Exercise data:
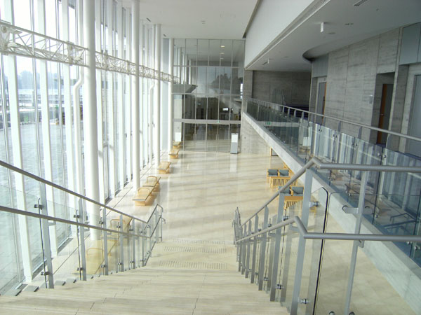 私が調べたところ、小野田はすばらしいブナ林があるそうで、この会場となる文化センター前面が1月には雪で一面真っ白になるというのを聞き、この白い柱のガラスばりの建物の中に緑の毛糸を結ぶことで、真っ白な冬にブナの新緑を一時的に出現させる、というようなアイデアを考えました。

---

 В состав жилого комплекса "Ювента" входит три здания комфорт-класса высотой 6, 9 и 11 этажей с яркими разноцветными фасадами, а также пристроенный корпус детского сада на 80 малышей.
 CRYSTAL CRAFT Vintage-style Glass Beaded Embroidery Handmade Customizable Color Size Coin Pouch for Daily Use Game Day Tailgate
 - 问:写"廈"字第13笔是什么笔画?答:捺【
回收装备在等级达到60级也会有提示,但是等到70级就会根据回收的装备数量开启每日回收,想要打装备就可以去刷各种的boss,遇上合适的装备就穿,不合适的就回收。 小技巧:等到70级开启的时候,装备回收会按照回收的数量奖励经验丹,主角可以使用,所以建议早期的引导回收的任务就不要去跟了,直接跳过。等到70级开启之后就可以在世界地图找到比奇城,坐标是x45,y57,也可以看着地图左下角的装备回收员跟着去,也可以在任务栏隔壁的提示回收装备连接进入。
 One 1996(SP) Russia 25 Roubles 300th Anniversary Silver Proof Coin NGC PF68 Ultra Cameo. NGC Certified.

Task item:
Lines to set down from above: the line with "CRYSTAL CRAFT Vintage-style", the line with "One 1996(SP) Russia", and every line between, each exactly as written.

Response area:
 CRYSTAL CRAFT Vintage-style Glass Beaded Embroidery Handmade Customizable Color Size Coin Pouch for Daily Use Game Day Tailgate
 - 问:写"廈"字第13笔是什么笔画?答:捺【
回收装备在等级达到60级也会有提示,但是等到70级就会根据回收的装备数量开启每日回收,想要打装备就可以去刷各种的boss,遇上合适的装备就穿,不合适的就回收。 小技巧:等到70级开启的时候,装备回收会按照回收的数量奖励经验丹,主角可以使用,所以建议早期的引导回收的任务就不要去跟了,直接跳过。等到70级开启之后就可以在世界地图找到比奇城,坐标是x45,y57,也可以看着地图左下角的装备回收员跟着去,也可以在任务栏隔壁的提示回收装备连接进入。
 One 1996(SP) Russia 25 Roubles 300th Anniversary Silver Proof Coin NGC PF68 Ultra Cameo. NGC Certified.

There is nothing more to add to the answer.